I use the following codes to get the rows:

table=soup.find_all("table", class_="participants-table")
table1=table[0]
rows=table1.find_all('tr')
rows=rows[1:]

得到:

rows=[<tr>
 <th class="name"><a href="/what-is-gc/participants/4479-Grontmij">Grontmij</a></th>
 <td class="type">Company</td>
 <td class="sector">General Industrials</td>
 <td class="country">Netherlands</td>
 <td class="joined-on">2000-09-20</td>
 </tr>, <tr>
 <th class="name"><a href="/what-is-gc/participants/4492-Groupe-Bial">Groupe Bial</a></th>
 <td class="type">Company</td>
 <td class="sector">Pharmaceuticals &amp; Biotechnology</td>
 <td class="country">Portugal</td>
 <td class="joined-on">2004-02-19</td>
 </tr>]

如预期的那样.但是,如果我继续:

As expected, it looks like. However, if I continue:

for row in rows:
    cells = row.find_all('th')

我只能获得最后一个条目!

I'm only able to get the last entry!

cells=[<th class="name"><a href="/what-is-gc/participants/4492-Groupe-Bial">Groupe Bial</a></th>]

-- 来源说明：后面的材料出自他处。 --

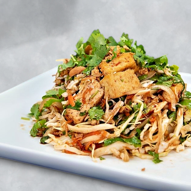 Chicken or Tofu Cabbage Salad mixed with Daikon,and topped with Cilantro, Peanuts, Chili, Lemon Juice, and Basil

这是怎么回事?这是我第一次使用beautifulsoup,我想做的就是将此表导出为CSV.任何帮助是极大的赞赏!谢谢

What is going on? This is my first time using beautifulsoup, and what I'd like to do is to export this table into CSV. Any help is greatly appreciated! Thanks

推荐答案

如果要将所有th标签都放在一个列表中,则需要扩展,只需重新分配 cells = row.find_all('th'),所以当您的打印单元在循环之外时,您只会看到最后分配给它的内容,即最后一个tr中的最后一个:

You need to extend if you want all the th tags in a single list, you just keep reassigning cells = row.find_all('th') so when your print cells outside the loop you will only see what it was last assigned to i.e the last th in the last tr:

cells = []
for row in rows:
 cells.extend(row.find_all('th'))

此外,由于只有一张表,您可以使用查找:

Also since there is only one table you can just use find:

soup = BeautifulSoup(html)

table = soup.find("table", class_="participants-table")

如果要跳过thead行,可以使用 css选择器:

If you want to skip the thead row you can use a css selector:

from bs4 import BeautifulSoup

soup = BeautifulSoup(html)

rows = soup.select("table.participants-table  thead ~ tr")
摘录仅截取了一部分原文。